Her pocketbook is taking a hit, especially when it comes to grocery shopping.

“Everything continues to rise. Packaging getting smaller but you’re paying more,” said Johnson. “So, you end up spending more anyways because if it doesn’t cover your family’s needs, you’re going to have to get extra just to make it work for your family.”
It’s easy to “feel” inflation when shopping, but what triggers inflation?
According to American University macroeconomics professor Evan Kraft, normally two elements trigger inflation.

“One thing that often happens is that the demand of the whole economy, what we call aggregate demand can be so high that it starts to drive prices up,” said Kraft.
This could also be referred to as ‘Demand-Pull Inflation’. The other one is called ‘Cost-Push Inflation’ or can be referred to as ‘Supply-Side inflation’.
For example, when workers know that companies need workers, they can ask for a raise or find a job with better pay. This can lead to companies raising wages, which could increase the demand side of inflation.
Raising wages is not normally what increases the demand side of inflation.
“There’s usually something that contributes to that higher demand. Often it is the government spending a lot of money so some of our biggest inflations have been due to that kind of situation,” said Kraft.
People tend to be more familiar with Cost-Push Inflation, according to Kraft.

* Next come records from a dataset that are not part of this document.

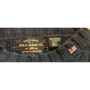 Vintage Polo Jeans Co Sweater Men's XXL Navy Cable Knit Yellow Stripe Cotton RL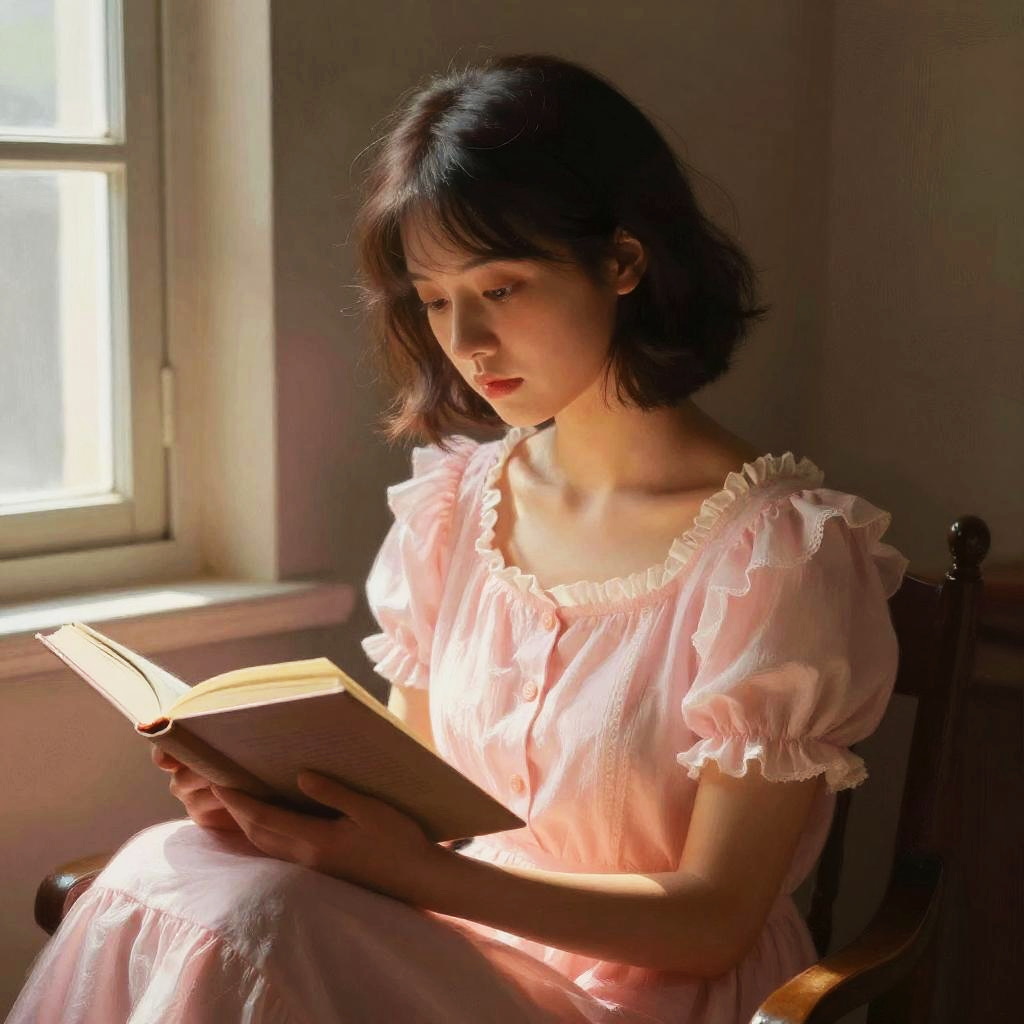 Photograph of an Asian woman with long, wavy black hair lying on a beige surface, reading a pink book with white pages. She wears a light blue, off-shoulder dress with puffed sleeves. Her expression is calm and focused, with slightly parted red lips. The background is a simple, solid beige color, making her the central focus. The image has a soft, slightly textured look, with warm lighting enhancing the gentle, serene atmosphere.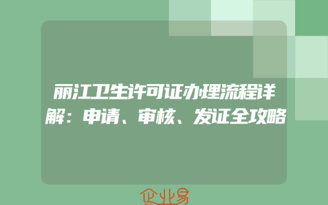 - 丽江卫生许可证办理流程详解:申请、审核、发证全攻略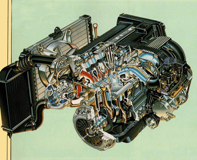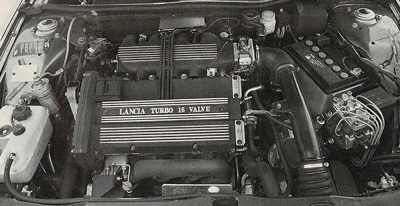 El motor que propulsa a este modelo es su rasgo más determinante. La meta perseguida por los hombres de Lancia, un alto nivel de potencia, se ha resuelto con la adopción, en conjunto, de los dos sistemas más en boga en la actualidad: cuatro válvulas por cilindro y sobrealimentación por turbo-compresor. Los 1.995 cm3 que cubica se consiguen mediante una carrera de 90 mm. y un diámetro de 84, esto es, un motor teóricamente proclive a una buena respuesta a pocas revoluciones. La relación de compresión es relativamente baja, como suele ser normal en motores sobrealimentados, obteniendo una potencia de 185 CV. a un tranquilo régimen de 5.500 r.p.m., momento en el que la velocidad media del pistón no supera los 16.5 m/s.

“People I think really intuitively you know are familiar with and we’ve all had this in our own experiences, on the supply side, the most common thing is you get something like a big increase in oil prices,” said Kraft
For example, if oil prices start to rise then gas prices and the cost of other item start to increase as well.
This most famously happened in the 1970’s with oil. In 1973-1974, Arab countries boycotted buying oil from the United States and Israel.
This led to the beginning of the Organization of the Petroleum Exporting Countries (OPEC).
In 1979, a revolution in Iran led to a big disruption in oil prices as well.
If the cost of business increases and businesses raise their prices, then workers will want to be paid fair wages that reflect inflation. This can lead to a ‘wage-price spiral’.
Wage-price spirals are fairly rare.
Inflation can be triggered in different ways but whether federal policy makers, like the Federal Reserve or the president, effectively handle inflation remains a big question.
Johnson is not convinced that they can.
“I can’t see at the end of the tunnel so hopefully things will work out sooner rather than later. But right now, it’s like go with the flow and deal with it,” said Johnson. “We really don’t have a choice because some people may have to skip a bill to feed their family.”